Data decisione, Autorità: 08.04.2003, CCRP

Incarto n. 17.2003.11

Lugano 8 aprile 2003/kc

In nome della Repubblica e Cantone del Ticino

La Corte di cassazione e di revisione penale del Tribunale d'appello

composta dei giudici:

Pellegrini, presidente, G. A. Bernasconi e Cometta

segretario:

Isotta, cancelliere

sedente per statuire sul ricorso per cassazione del 12 marzo 2003 presentato da


contro

la sentenza emanata il 20 febbraio 2003 dal giudice della Pretura penale nel procedimento a carico di

__________,

esaminati gli atti,

posti i seguenti

punti di questione: 1. Se dev'essere accolto il ricorso per cassazione;

Il giudizio sulle spese

Ritenuto:

in fatto: A. Con decreto di accusa del 4 novembre 2002 il Procuratore pubblico ha dichiarato __________ autore colpevole di lesioni semplici per avere intenzionalmente cagionato un danno al corpo di __________, colpendolo con due pugni al volto, oltre che con calci alla gamba destra, procurandogli le lesioni descritte in un certificato medico rilasciato il 7 luglio 2002 dall'Ospedale __________. In applicazione della pena, egli ne ha proposto la condanna a una multa di fr. 400.–. Il 22 novembre 2002 __________, costituitosi parte civile, ha introdotto al Ministero pubblico opposizione al decreto di accusa.

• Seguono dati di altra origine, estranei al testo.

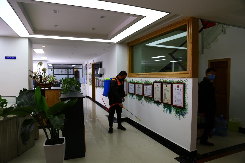 每天早晚各一次對辦公區(qū)域進(jìn)行消毒
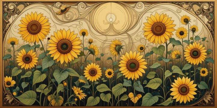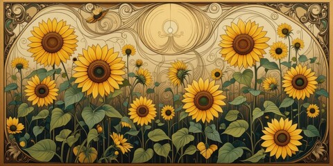 An Art Nouveau Style Painting of a Sunflower Garden Featuring Flowing Lines and Intricate Decorative Elements.
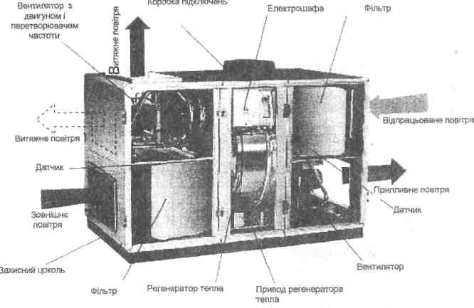 Опалювальні агрегати можуть використовувати в цивільних будинках: школах, дитячих садках, магазинах та ін. Сучасна конструкція такого агрегату (GOLD шведської фірми "PM-Luft - виробника вентиляційного обладнання) показана на рис.10. Установка є припливно-витяжною, обладнана пристроями для обробки двох потоків повітря: припливного - фільтром з скловолокном, теплообмінником, вентилятором; витяжного - фільтром і вентилятором. Крім того, устатковується калорифером або охолоджувальною камерою, які входять в комплект установки. Продуктивність установок становить 500-13000 м3/год і напір до 1000 Па.
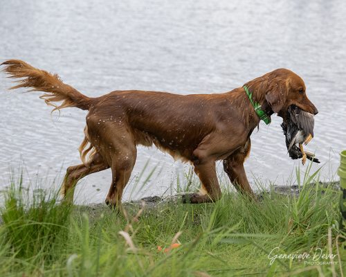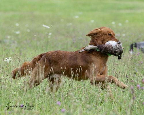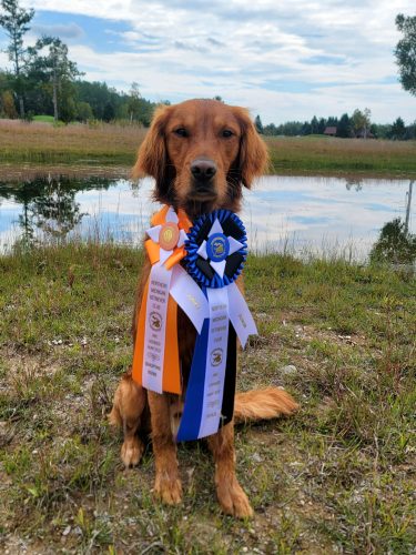 Goose is a kind sole who thrives on love and affection. He enjoys being in the presence of people and making his handler happy. He loves to work and learn new things. Although Goose is training for field work, his real love is agility; and he is so good at it! He will be entering his first trial winter, 2025.
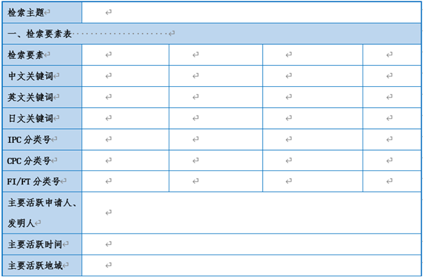 这一步主要将上述信息填写到基本检索要素表中,为后续检索提供指导和参考。但基本检索要素表确定后并不是一成不变的,后续一定会根据检索过程对基本检索要素表中的内容进行补充,作为后续补充检索之用。
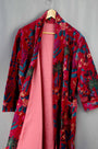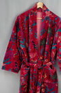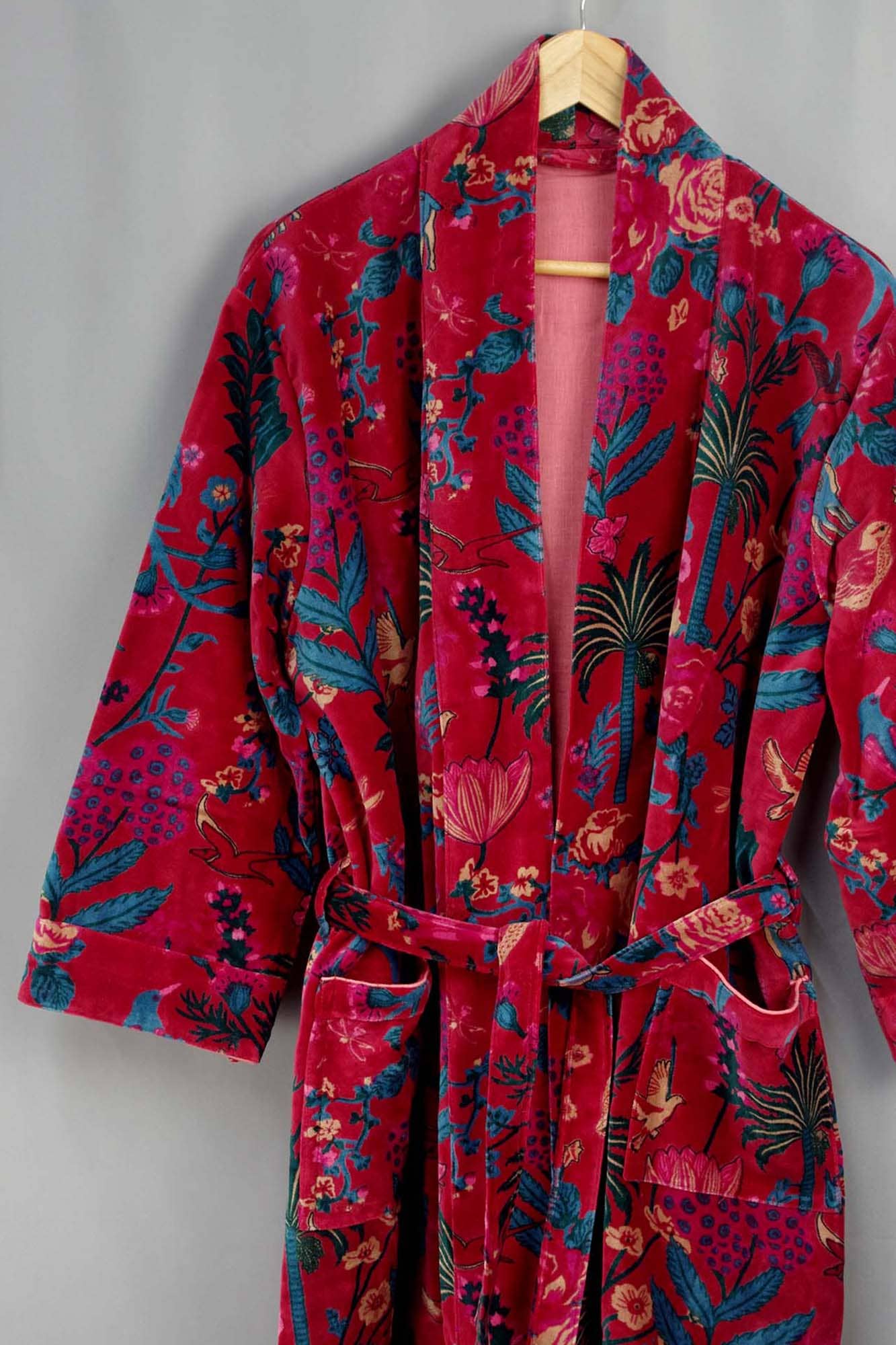 Velvet Kimono With Lining Gown - Maroon Red Tropical Floral
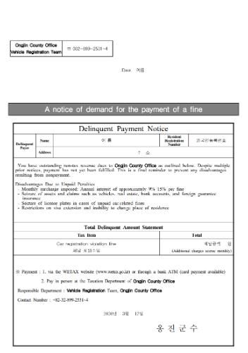 군 관계자는“이번 영어 안내문은 외국인 체납자에게 공정한 납세의무를 인식시키는 계기가 될 것”이라며, 앞으로도 다변하는 시대에 발맞춰 다양한 자동차 체납 과태료 징수 시책 개발을 위해 적극적으로 노력하겠다”고 말했다.
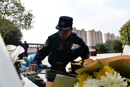 隨后,海警執(zhí)法員趕赴太和縣萬(wàn)壽山烈士紀(jì)念碑廣場(chǎng),汪曉龍烈士的墓碑安放在這里。
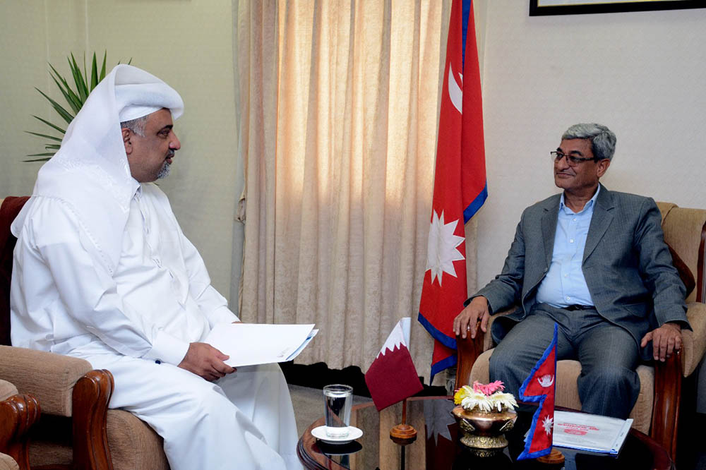 काठमाडौँ -गृहमन्त्री रमेश लेखकसंग नेपालका लागि कतारका राजदूत महामहिम मिसाल बिन मोहम्मद अल अन्सारीले शिष्टाचार भेटघाट गरेका छन् ।
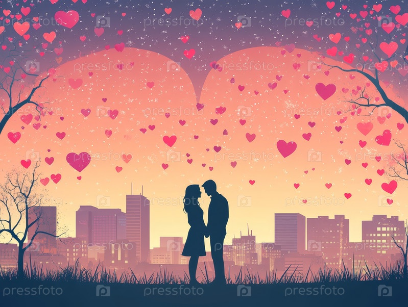 Силуэт пары под аркой в форме сердца с горизонтом города на закате создает романтическую и мечтательную атмосферу, идеально подходящую для празднования любви
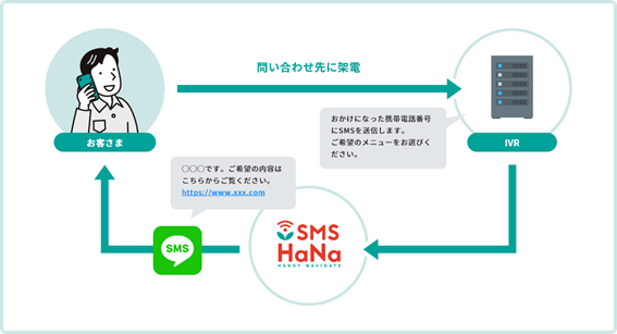 「IVR連携」は、企業がIVR(自動音声応答システム)を用いて電話の一次対応を自動化するシーンにおいて活用できるSMS HaNaの新機能です。企業の問い合わせ先に架電したお客様に対し、SMSを自動送信することができます。

B. Con decisione del 20 febbraio 2002 il giudice della Pretura penale ha stralciato dai ruoli il procedimento per tardività dell'opposizione, dichiarando esecutivo il decreto di accusa. __________ ha impugnato tale giudizio con ricorso per cassazione del 12 marzo 2003, chiedendo la riattivazione del procedimento e il risarcimento del danno subito. il ricorso non ha formato oggetto di intimazione.

Considerando

in diritto: 1. La decisione impugnata è una sentenza e non un decreto di stralcio, come parrebbe trasparire dall'infelice formulazione del dispositivo. Nella misura in cui un tribunale dichiara irricevibile un rimedio giuridico per tardività, in effetti, esso accerta la mancanza di un presupposto processuale. Non emana quindi un mero decreto, ma una decisione di non entrata in materia, ciò che non comporta alcuno stralcio della causa. Sotto questo profilo il ricorso per cassazione è quindi ricevibile.

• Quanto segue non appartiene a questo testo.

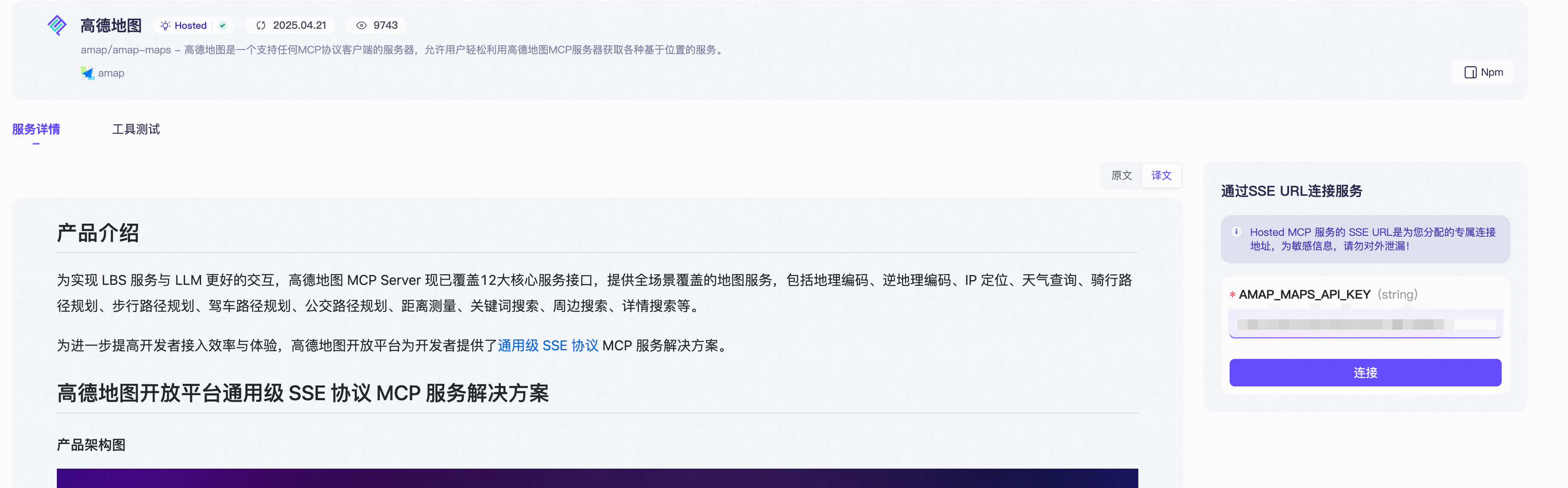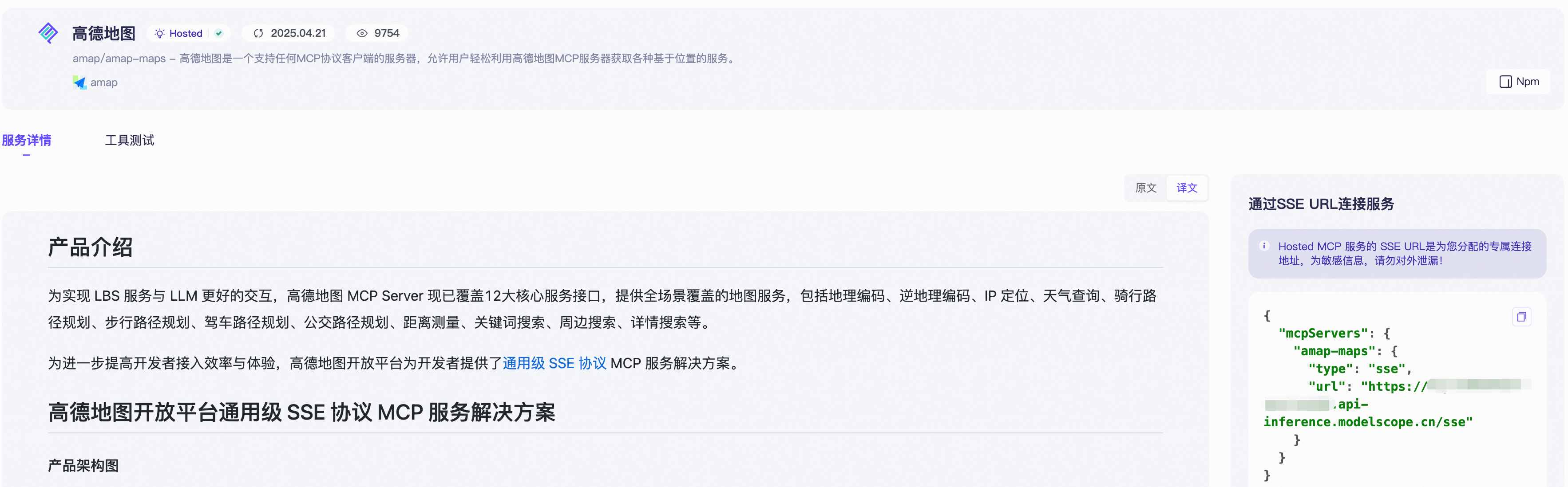 1.在ModelScope MCP广场,选择一个MCP服务(比如高德地图)
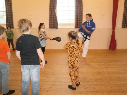 The demonstrations consisted of some Taekwon-Do kicking techniques, which the children actively participated in, some patterns and then an open floor question and answer session where the children could ask Brad whatever they wanted. They took great pleasure in putting him on the spot, especially the students of Taekwon-Do that Brad already teaches.
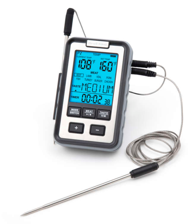 Dvoj-sondový teplomer Broil King so stojanom je skvelým pomocníkom pri grilovaní či údení. Vďaka dvom oddeleným sondám môžete veľmi pohodlne sledovať teplotu dvoch samostatne pripravovaných pokrmov zároveň.
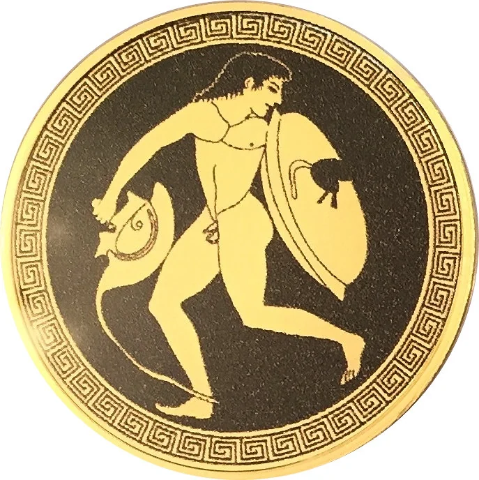Nude warrior with shield and helmet in a meander pattern.
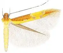 Male, female. Forewing length 4.5-4.8 mm. Head: frons shining pale ochreous-grey with greenish and reddish reflections, vertex and neck tufts shining bronze brown with reddish gloss, laterally and medially lined white, collar shining bronze brown; labial palpus first segment very short, white, second segment four-fifths of the length of third, dark brown with white longitudinal lines laterally and ventrally, third segment white, lined dark brown laterally; scape dorsally dark brown with white anterior and dorsal lines, ventrally white, antenna shining dark brown, a white line at base, changing into an interrupted line to beyond one-half, followed towards apex by an annulated part of about ten segments, six dark brown, four white, two dark brown, two white, nine dark brown, four white and three dark brown segments at apex. Thorax and tegulae shining yellowish brown with reddish gloss, thorax posteriorly yellowish and with a white median line, tegulae very narrowly lined white inwardly. Legs: shining dark olive brown with reddish gloss, femora pale ochreous, foreleg with a white line on tibia and tarsal segments one to three and five, tibia of midleg with white narrow oblique basal and medial streaks and a white apical ring, tarsal segments one to three with ochreous-white apical rings, segment five entirely ochreous-white, tibia of hindleg as midleg, but with an additional subapical oblique white streak, tarsal segment one with ochreous subbasal and apical rings, remaining segments with ochreous apical rings, spurs shining white dorsally, ochreous-grey ventrally. Forewing shining bronze brown with reddish gloss, the basal area, below fold, to transverse fascia pale yellow, two white lines in the basal area, a narrow subcostal to one-quarter, slightly bending from costa, a broad and short yellowish white dorsal at base, a silver metallic tubercular spot with pinkish reflection at one-quarter just below fold, a pale yellow transverse fascia beyond the middle, narrowing towards dorsum and slightly darkened in the middle, bordered at the inner edge by two pale golden metallic subcostal and subdorsal spots with reddish and purple reflections, neither spot reaching costa nor dorsum, thus forming an inward oblique fascia, bordered at the outer edge by a broad outwardly oblique fascia, narrowed in the middle, beyond the outer metallic fascia pale yellow streaks on the costal and dorsal sides, the dorsal streak much longer than the costal, a narrow and indistinct whitish apical line from the dorsal pale yellow streak to apex, cilia bronze brown around apex, ochreous-grey towards dorsum. Hindwing shining grey with greenish and reddish gloss, cilia ochreous-grey. Underside: forewing shining greyish brown, hindwing shining greyish-brown in costal half, pale grey in dorsal half. Abdomen dorsally shining pale yellow, segments banded shining greyish white posteriorly, ventrally shining yellowish white, anal tuft whitish dorsally, grey ventrally, in the female abdomen is segment seven brownish grey and the anal tuft yellowish white.[1]

  1. Secondo l'art. 208 cpv. 1 lett. e CPP l'accusato e la parte civile che intende opporsi a un decreto di accusa deve presentare opposizione al Procuratore pubblico entro 15 giorni dall'intimazione del decreto medesimo, senza di che le proposte contenute in quest'ultimo acquistano forza di giudicato. Nella fattispecie il giudice della Pretura penale ha accertato che il decreto di accusa è stato intimato al patrocinatore della parte civile il 4 novembre 2002 ed è stato ritirato da quest'ultimo l'indomani. Il termine per presentare opposizione essendo scaduto il 20 novembre successivo, egli ha giudicato tardiva l'opposizione introdotta il 22 novembre 2002.

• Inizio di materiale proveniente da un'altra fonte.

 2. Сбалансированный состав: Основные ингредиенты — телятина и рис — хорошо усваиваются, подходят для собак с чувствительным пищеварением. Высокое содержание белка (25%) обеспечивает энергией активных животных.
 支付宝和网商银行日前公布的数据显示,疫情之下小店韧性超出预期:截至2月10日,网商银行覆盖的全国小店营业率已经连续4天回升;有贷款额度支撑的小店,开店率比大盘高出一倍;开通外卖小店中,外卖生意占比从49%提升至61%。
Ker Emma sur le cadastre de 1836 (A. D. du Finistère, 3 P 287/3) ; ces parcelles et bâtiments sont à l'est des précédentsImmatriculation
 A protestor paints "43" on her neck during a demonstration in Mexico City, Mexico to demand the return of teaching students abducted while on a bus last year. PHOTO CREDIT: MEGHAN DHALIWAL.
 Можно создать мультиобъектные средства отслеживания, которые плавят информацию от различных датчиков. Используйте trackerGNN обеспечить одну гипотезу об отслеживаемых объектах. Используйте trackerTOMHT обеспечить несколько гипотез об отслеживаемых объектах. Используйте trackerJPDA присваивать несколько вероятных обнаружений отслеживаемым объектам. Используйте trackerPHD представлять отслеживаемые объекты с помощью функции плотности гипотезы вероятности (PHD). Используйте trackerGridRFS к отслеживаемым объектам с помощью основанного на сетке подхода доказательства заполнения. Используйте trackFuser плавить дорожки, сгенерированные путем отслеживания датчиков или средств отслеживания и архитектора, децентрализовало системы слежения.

  2. Nel gravame il ricorrente non contesta – a ragione – la tardività dell'opposizione. Si duole del modo con cui è stato condotto il procedimento penale e, in particolare, della scarsa attenzione riservata dagli inquirenti alla sua denuncia. Argomenti del genere sono però inammissibili, poiché diretti contro un decreto di accusa passato in giudicato. Ne segue che il ricorso non può essere oggetto di ulteriore disamina.

  3. Gli oneri processuali seguono il principio della soccombenza (art. 15 cpv. 1 e 9 cpv. 1 CPP).

Per questi motivi,

in applicazione dell'art. 291 cpv. 1 CPP

e vista sulle spese anche la tariffa giudiziaria,

pronuncia: 1. Il ricorso è inammissibile.

  1. Gli oneri processuali, consistenti in:

a) tassa di giustizia fr. 100.–

b) spese fr. 80.–

fr. 180.–

sono posti a carico del ricorrente.

  1. Intimazione:

– __________;

– Procuratore pubblico avv. __________;

– __________ (per via rogatoriale);

– Pretura penale, Via dei Gaggini 1, 6501 Bellinzona.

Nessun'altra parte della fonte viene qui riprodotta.